| Work instruction |
Among the records that follow, find the line with "1月14日上午,肇庆市工业贸" and the line with "- Изделие из". Set down those lines and all lines between them exactly, without adding anything.

| Given records |
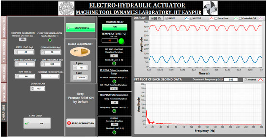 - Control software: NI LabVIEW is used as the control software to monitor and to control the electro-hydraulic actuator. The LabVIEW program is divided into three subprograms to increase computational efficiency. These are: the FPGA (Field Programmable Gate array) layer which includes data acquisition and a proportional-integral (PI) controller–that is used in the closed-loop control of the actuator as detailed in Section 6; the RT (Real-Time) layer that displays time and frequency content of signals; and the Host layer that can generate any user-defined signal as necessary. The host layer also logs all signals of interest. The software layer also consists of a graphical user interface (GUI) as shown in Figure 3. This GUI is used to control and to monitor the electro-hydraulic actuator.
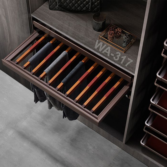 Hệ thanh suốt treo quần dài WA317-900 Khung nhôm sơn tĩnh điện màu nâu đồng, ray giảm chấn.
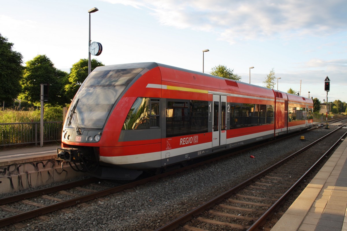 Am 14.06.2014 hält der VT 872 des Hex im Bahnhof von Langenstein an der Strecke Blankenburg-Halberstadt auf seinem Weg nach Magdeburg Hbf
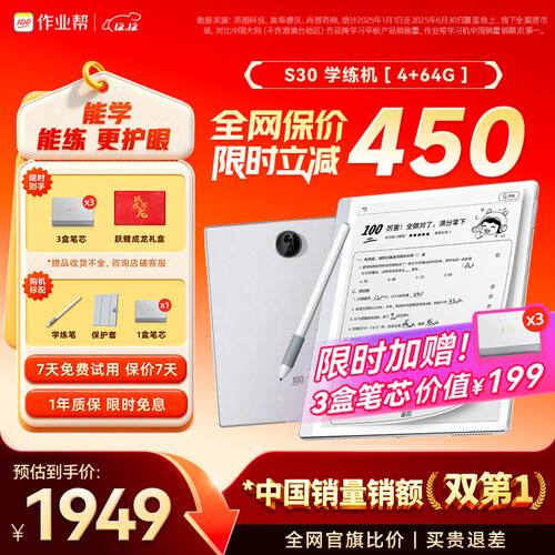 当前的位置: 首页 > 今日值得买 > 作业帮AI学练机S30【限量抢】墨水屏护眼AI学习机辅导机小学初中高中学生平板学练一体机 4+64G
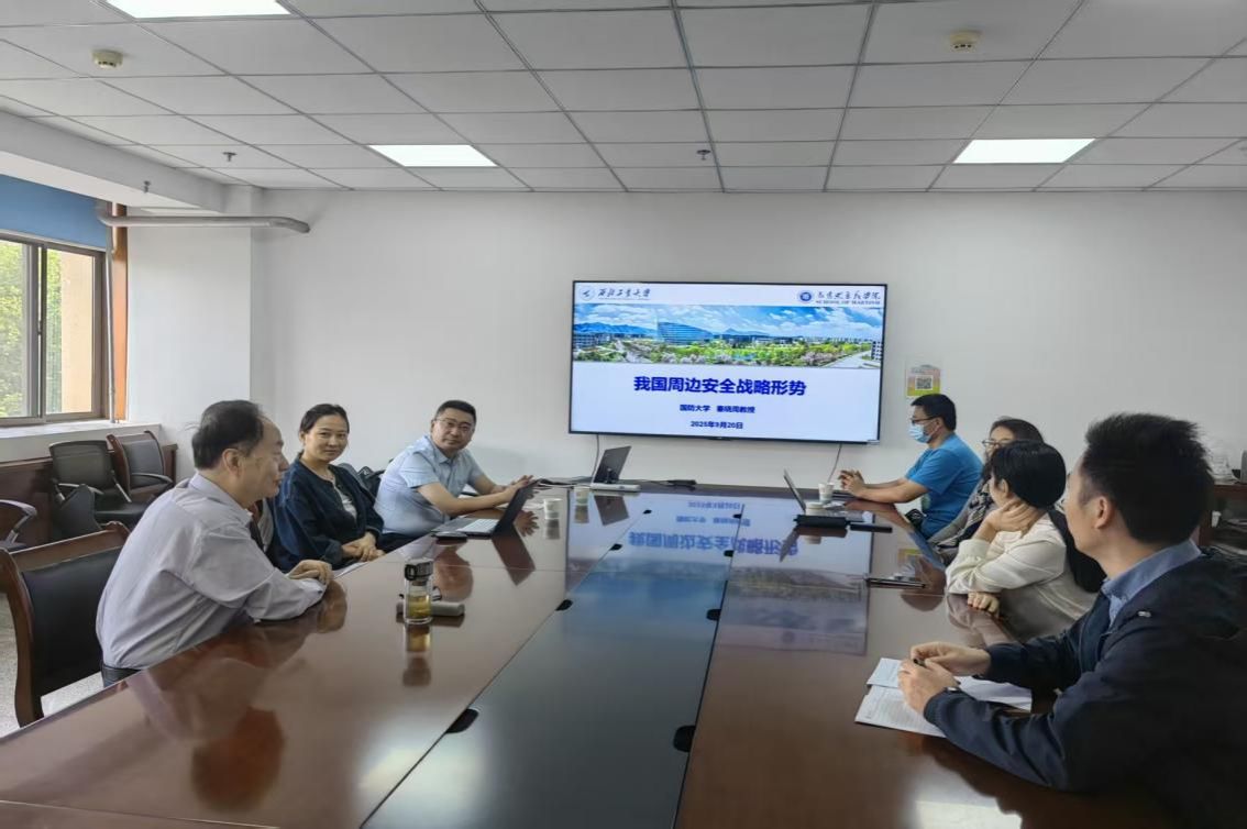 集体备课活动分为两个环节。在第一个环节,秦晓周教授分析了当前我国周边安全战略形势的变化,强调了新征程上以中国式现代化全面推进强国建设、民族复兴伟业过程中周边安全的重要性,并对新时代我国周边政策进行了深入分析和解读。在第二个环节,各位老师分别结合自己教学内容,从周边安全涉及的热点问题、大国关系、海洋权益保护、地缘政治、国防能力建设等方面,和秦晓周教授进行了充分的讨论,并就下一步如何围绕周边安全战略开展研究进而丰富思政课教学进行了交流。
* * *
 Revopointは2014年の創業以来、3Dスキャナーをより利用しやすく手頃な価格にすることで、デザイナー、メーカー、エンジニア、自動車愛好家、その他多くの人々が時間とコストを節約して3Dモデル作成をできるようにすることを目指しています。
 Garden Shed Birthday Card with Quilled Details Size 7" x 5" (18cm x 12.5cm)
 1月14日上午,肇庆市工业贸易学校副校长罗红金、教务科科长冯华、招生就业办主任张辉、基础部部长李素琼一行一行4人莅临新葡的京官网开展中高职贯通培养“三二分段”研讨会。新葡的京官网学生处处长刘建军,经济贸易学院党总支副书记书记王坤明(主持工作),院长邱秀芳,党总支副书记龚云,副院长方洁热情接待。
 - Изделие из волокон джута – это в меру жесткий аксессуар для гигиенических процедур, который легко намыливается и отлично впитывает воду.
...
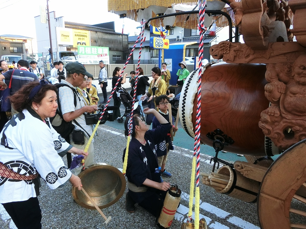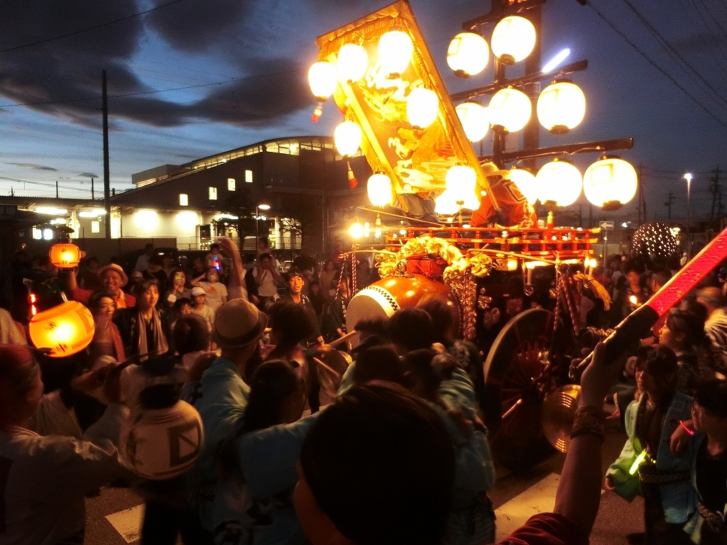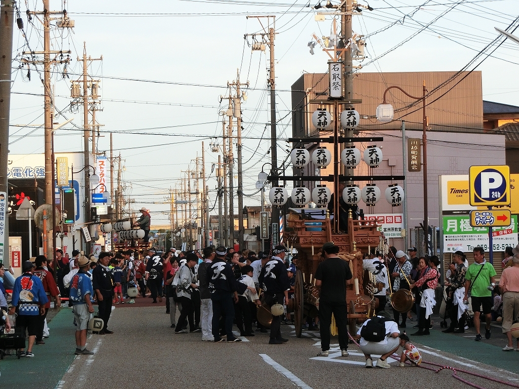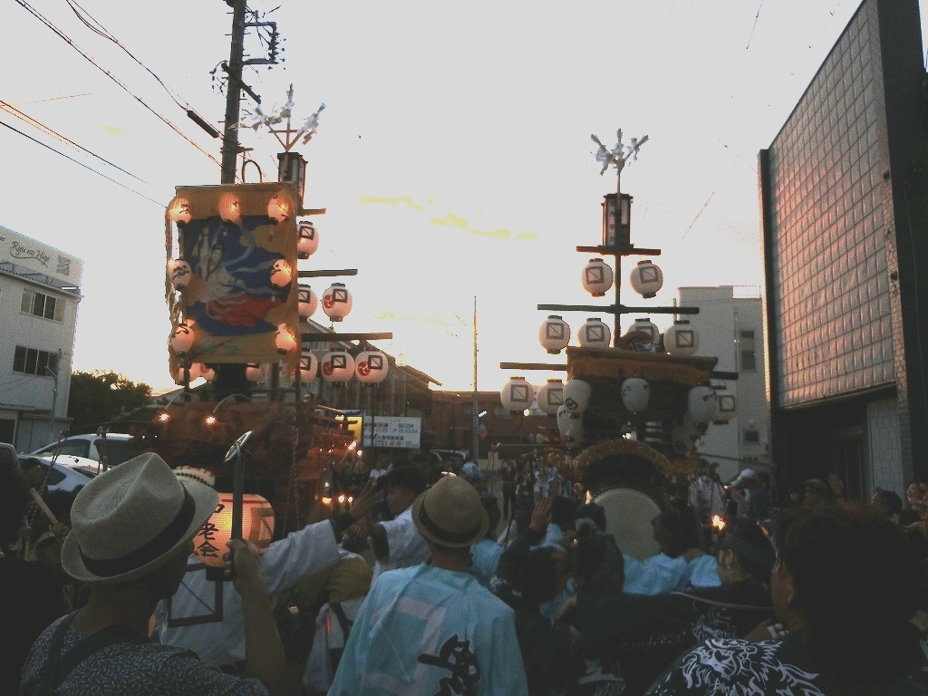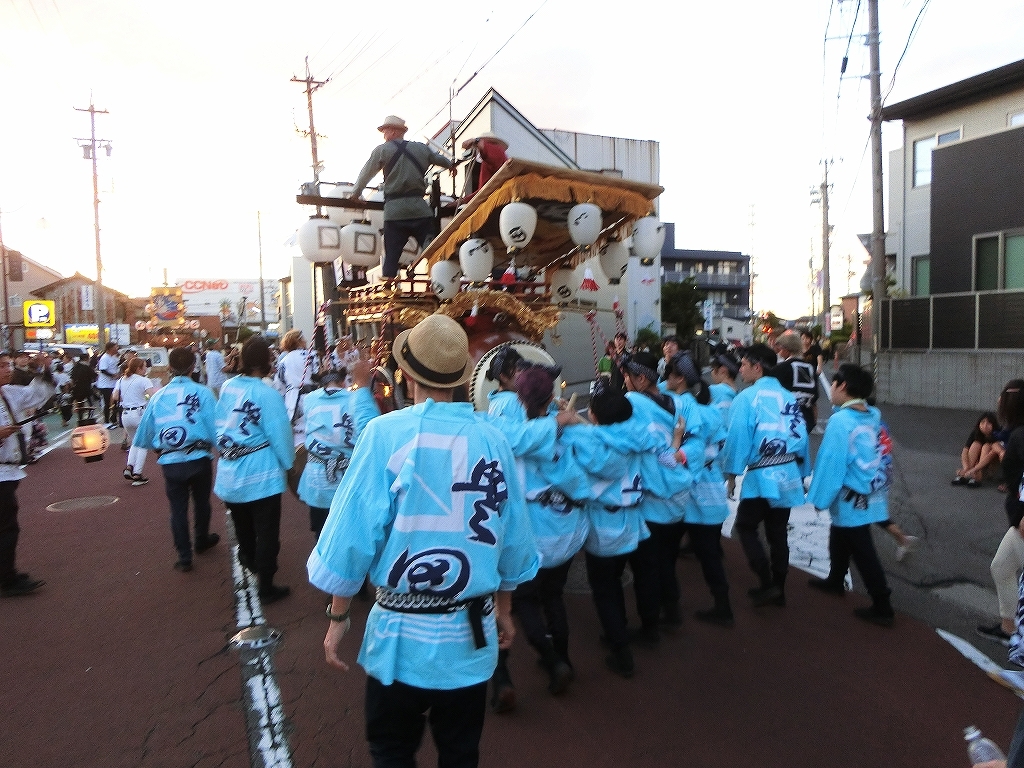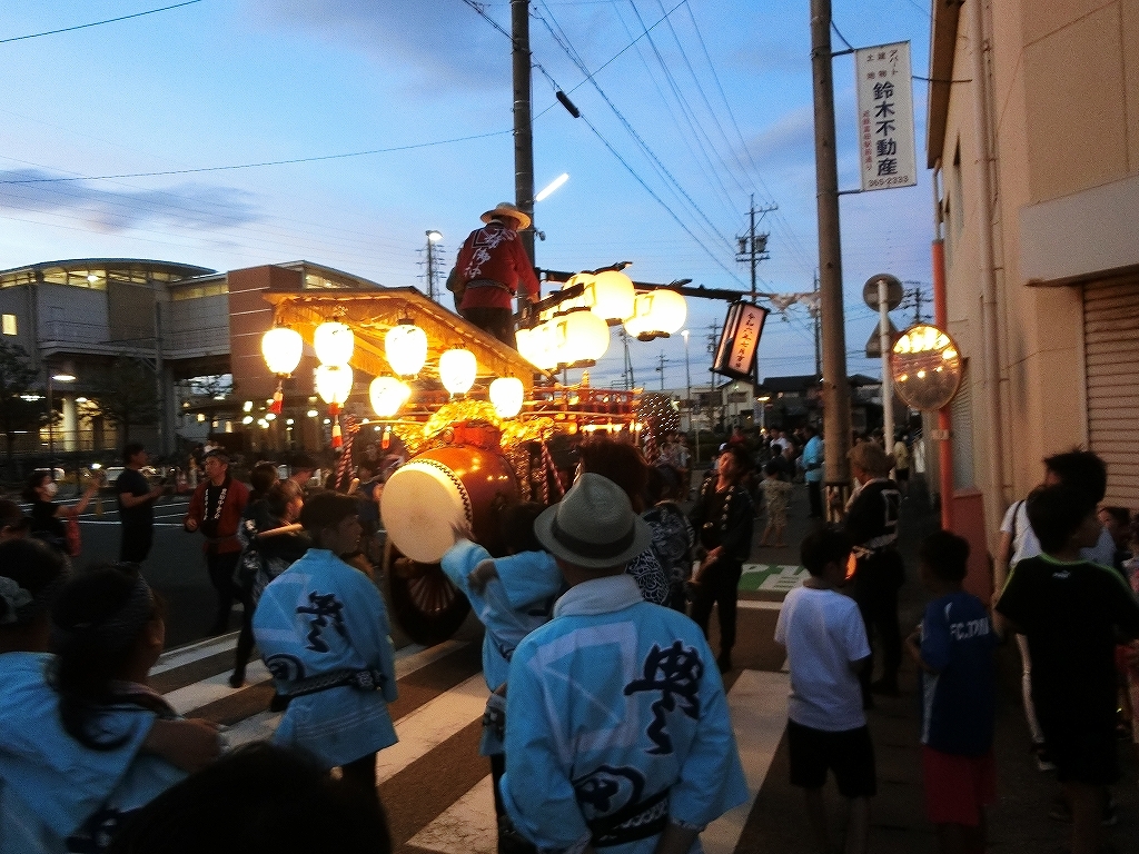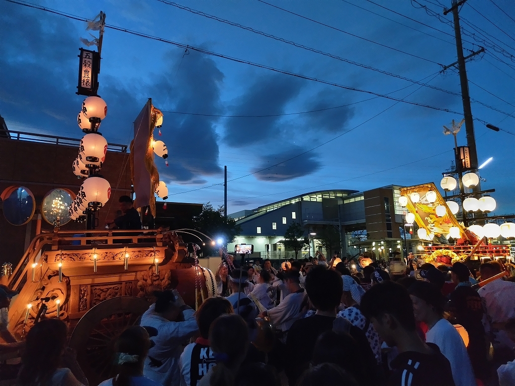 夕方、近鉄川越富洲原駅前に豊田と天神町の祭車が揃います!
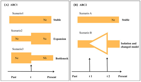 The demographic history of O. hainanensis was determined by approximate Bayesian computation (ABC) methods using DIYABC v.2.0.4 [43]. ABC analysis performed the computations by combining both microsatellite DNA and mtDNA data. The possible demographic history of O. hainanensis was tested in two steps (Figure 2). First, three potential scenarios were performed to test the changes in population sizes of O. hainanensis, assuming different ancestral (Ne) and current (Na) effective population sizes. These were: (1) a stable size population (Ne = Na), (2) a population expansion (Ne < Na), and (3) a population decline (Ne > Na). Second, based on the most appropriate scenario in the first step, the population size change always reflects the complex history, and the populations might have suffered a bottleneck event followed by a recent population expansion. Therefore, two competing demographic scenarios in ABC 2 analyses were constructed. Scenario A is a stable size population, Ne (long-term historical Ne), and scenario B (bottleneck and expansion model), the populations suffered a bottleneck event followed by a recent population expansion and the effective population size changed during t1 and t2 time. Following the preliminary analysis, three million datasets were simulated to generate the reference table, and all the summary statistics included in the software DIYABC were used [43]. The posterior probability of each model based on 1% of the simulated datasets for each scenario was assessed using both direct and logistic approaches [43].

| Answer section |
 1月14日上午,肇庆市工业贸易学校副校长罗红金、教务科科长冯华、招生就业办主任张辉、基础部部长李素琼一行一行4人莅临新葡的京官网开展中高职贯通培养“三二分段”研讨会。新葡的京官网学生处处长刘建军,经济贸易学院党总支副书记书记王坤明(主持工作),院长邱秀芳,党总支副书记龚云,副院长方洁热情接待。
 - Изделие из волокон джута – это в меру жесткий аксессуар для гигиенических процедур, который легко намыливается и отлично впитывает воду.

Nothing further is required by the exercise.